A detailed comparative study of high-resolution ultrasound and micro–computed tomography for detection of arthritic bone erosions




To test whether bony lesions appearing on ultrasound (US) imaging are cortical breaks detectable by micro–computed tomography (micro-CT).


Twenty-six subjects (14 with rheumatoid arthritis, 6 with psoriatic arthritis, and 6 healthy controls) were assessed for bone erosions at the radial, palmar, and dorsal regions of the second metacarpophalangeal (MCP) joint and the palmar and dorsal regions of the third and fourth MCP joints. All patients underwent US and, for validation of the results, micro-CT scanning. The prevalence and severity of bone erosions as determined by US and by micro-CT were recorded and compared.


Overall there was a good correlation between the severity of erosions as assessed by US and by micro-CT (r = 0.463, P < 0.0001). False-negative results (US negative/micro-CT positive) were obtained in only 9.9% of the joint regions and were mostly due to small erosive lesions at the dorsal sides of the MCP joints. False-positive results (US positive/micro-CT negative) were more frequent (28.6%) and were primarily based on vascular bone channels at the palmar sides of the MCP joints as well pseudo-erosions created by osteophytes.


These data show that the majority of bone lesions appearing on US are indeed bone erosions with a cortical break. The sensitivity of US for detecting bone erosions was high and there was a good correlation between the severity of bone erosions as assessed by US and as assessed by micro-CT. Specificity of US for bone erosions was substantially lower, suggesting that smaller lesions seen on US do not always represent breaks in the cortical bone surface.

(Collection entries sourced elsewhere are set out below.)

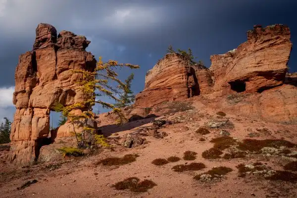 Древнейшее на Земле горное плато Анабар – одно из таких мест в Арктике. Находится оно на северо-востоке Среднесибирского плоскогорья, на территории, ограниченной с востока нижнем течением реки Лена, с запада – горным массивом плато Путорана. И представляет собой куполообразный выступ древнего фундамента Сибирской платформы, сложенный породами, возраст которых более 3 млрд лет. Особенную красоту плато придают широкие и глубокие речные долины, покрытые редкой лиственничной тайгой. На вершинах Анабара – горная тундра и многочисленные каменные развалы. Климат здесь отличается крайне суровыми, продолжительными зимами и прохладным летом.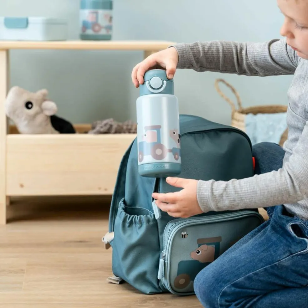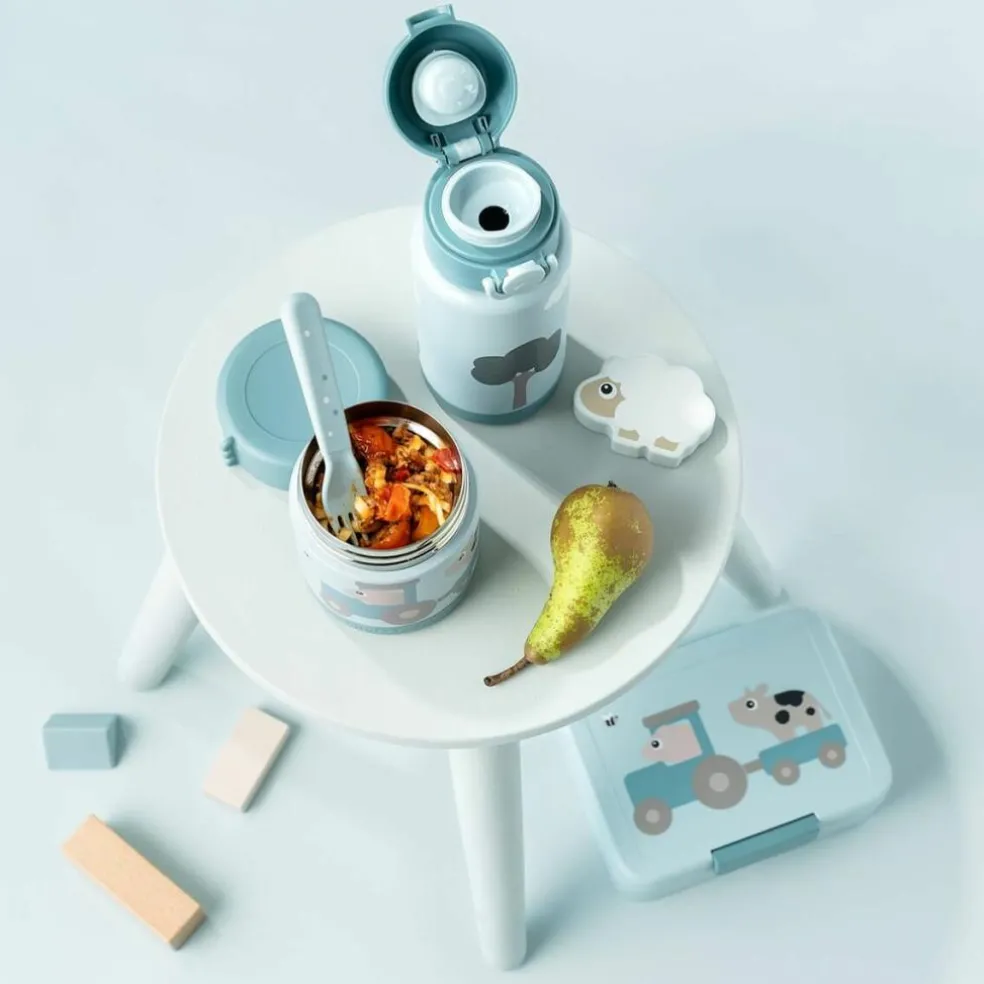 Emmenez un petit bout de la ferme partout avec vous grâce à la gourde isotherme Tiny Farm Bleu de Done by Deer, l’alliée parfaite pour toutes les escapades de votre enfant !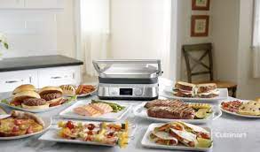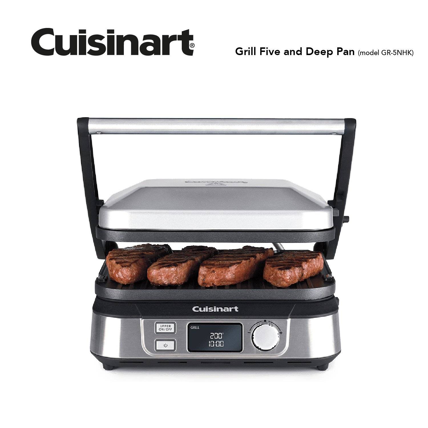 Vỉ nướng Cuisinart GN-5NHK 5 trong 1 có thể làm nhiều món ăn khác nhau .Nướng thịt, BBQ, nướng bánh mì, làm bánh,,,.Đặc biệt với tay ép dùng để ép thịt cho bớt mỡ và nước khi nướng ,rất được các vận động viên và người tập thể thao yêu thích.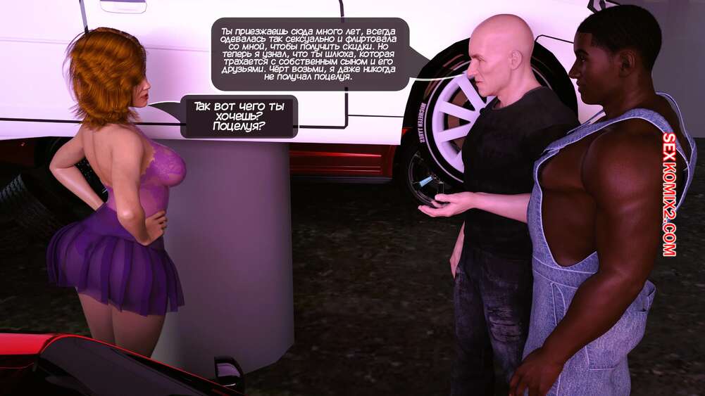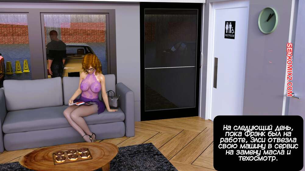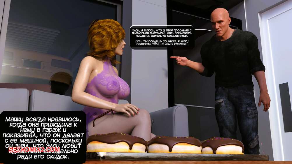 Порно комикс Тетя Элси. Часть 7. Aunt Elsie. Mature3DComics Горячая милфа Элси отправилась в автосервис, чтобы обслужить машину. Там ей решили воспользоваться два парня, которые раздели красотку и стали ласкать ее, желая выебать девушку.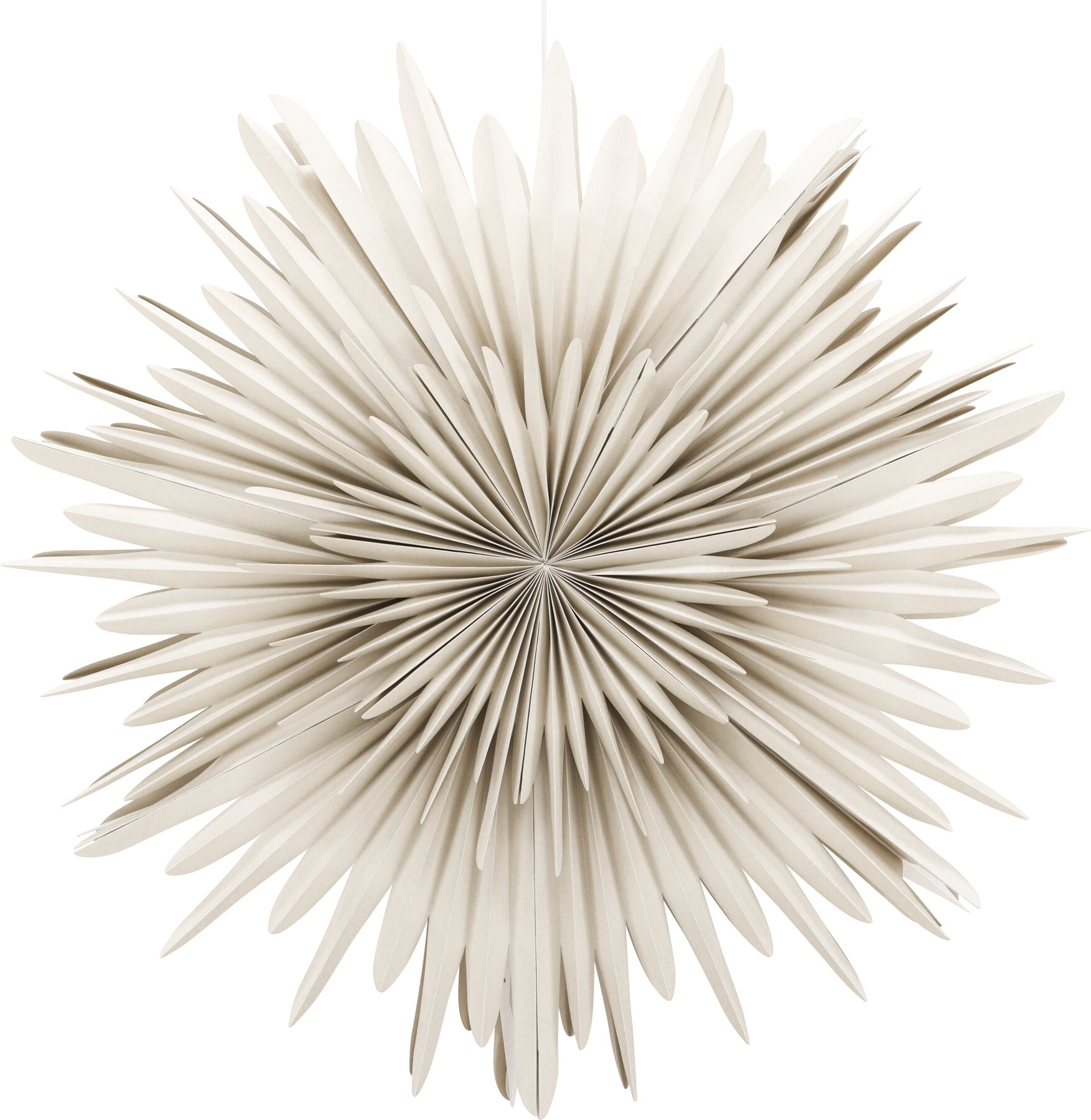 Få till den där mysiga känslan i hemmet med hjälp av en pampig och stor pappersstjärna i krämig beige kulör som skapar ett mysigt sken i ditt hem! Vår vackra taklampa från serien Sälen är utformad som en flerdimensionell pappersstjärna i beige papper. Tack vare dess flera lager så skapar den här lampan en vacker dimension till rummet och får ett stilrent djup i sig själv. En perfekt inredningsdetalj helt enkelt. Den diskreta vita sladden smälter elegant in i helheten och bidrar till att skapa en stilren och sofistikerad belysningsanordning. Sälen passar perfekt för att lysa upp dina höstmörka dagar och för att skapa den perfekta atmosfären när julens högtidliga stämning kryper fram. Häng den i sovrummet för att skapa en lugn och avkopplande atmosfär, placera den i köksfönstret för att skapa en mysig stämning eller använd den inne i vardagsrummet för att ge rummet det där extra magiska touchen. Sälen finns i flera olika storlekar och färger, vilket gör det möjligt för dig att välja den som passar bäst för ditt rum och stil. Varje storlek har sin egen charm och unika karaktär, men oavsett vilken du väljer kan du vara säker på att du får en belysningslösning som kommer att vara perfekt för just dig! Mått: 100cm.

Rheumatoid arthritis (RA) and psoriatic arthritis (PsA) are characterized by synovial inflammation and bone and cartilage destruction. While synovial inflammation is typically assessed by physical examination, measurement of bone and cartilage damage is a domain of radiography. In recent years, high-resolution ultrasound (US) has been increasingly used to assess synovial inflammation (1–4). With US one can quantitatively assess the morphologic (synovial thickness) and functional (blood flow) changes of joints during inflammatory arthritis (1–4). Several studies have shown that US is a sensitive instrument for depicting synovial inflammation in patients with RA (5, 6).

However, US has limitations for visualization of bone, as it allows detection of irregularities on the cortical bone surface but cannot penetrate bone. Pits in the juxtaarticular cortical bone surface visualized by US are considered “bone erosions” (2, 7). Recent comparative imaging studies in patients with RA have compared bone lesions detectable by US with bone erosions detected radiographically or by magnetic resonance imaging (8–11). Since resolution and overall image quality of US have improved considerably due to the use of high-frequency transducers, it is now possible to visualize even very small changes (<1 mm) in the cortical bone surface. Although bone lesions detected by US are highly suggestive of bone erosions, their exact nature remains somewhat speculative. Erosions are defined as localized cortical breaks, which allow communication between the bone marrow and the synovium (12). Whether a “pit” detected by US truly reflects a cortical break thus remains a matter of controversy, as the direct communication between the outside synovial membrane and the bone marrow cannot be proven directly.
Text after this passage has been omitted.